The Basic Income Party came into existence when the ninth leadership board of the Labor Party led by Yong Hye-in resigned on 15 July. Before the official founding of the party on 19 January 2020, the Basic Income Party began establishing local chapters of the party across the cities and provinces of South Korea with the catch phrase ₩"600,000 a month for all." The party announced via their Facebook page on 7 November that they reached 5,000 members. The party officially registered with the National Election Commission on 19 January 2020. The party puts a strong emphasis on that their members are mostly young adults.

The party joined the Platform Party (party-list of the Democratic Party) on 21 March 2020 for the 2020 South Korean legislative election. Two candidates ran for proportional representation. Yong Hye-in was elected under the party-list proportional representation. After the election, Yong rejoined the party.

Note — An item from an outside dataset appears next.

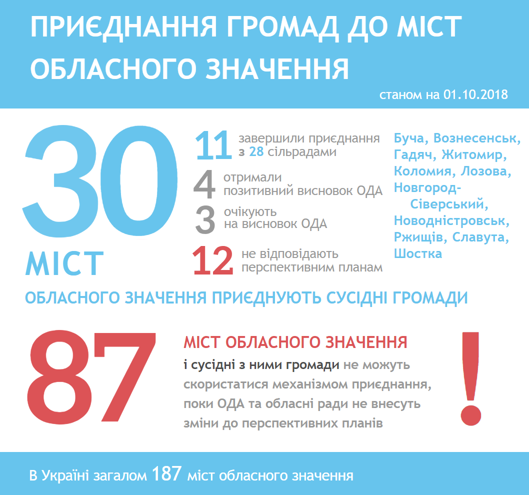 Ще 19 міст на стадії завершення формальних процедур, які дадуть змогу приєднати довколишні громади.

The party declared its support for Jin Kyo-hoon, the candidate of the Democratic Party of Korea, in the Gangseo-gu mayor by-election.

During the 2025 South Korean presidential election, the Basic Income Party opted to not run a candidate and instead endorsed Democratic candidate Lee Jae-myung. Upon the victory of Lee, Democratic MP Kang Yoo-jung was appointed as the spokesperson for the presidential office. This allowed Basic Income Party candidate for proportional representation, Choi Hyuk-jin, to assume Kang's seat and Choi entered the National Assembly as the second Member of Parliament for the Basic Income Party. However, Choi announced on his personal Facebook page that he will not return to the Basic Income Party, breaking the election agreement between the Basic Income Party and the Democratic Party. In response, Yong Hye-in, the leader of the Basic Income Party, declared that she would withdraw her nomination for Choi Hyuk-jin and urged his expulsion from the Democratic Party. Choi was sworn in as a Member of Parliament, and subsequently expelled from the Democratic Party (due to the electoral agreement between the parties), thus began sitting as an independent.

== Ideology ==
As of 2019, the party advocated for the implementation of a ₩600,000 (then roughly equivalent to 500 United States dollars) per month universal basic income for all citizens of South Korea.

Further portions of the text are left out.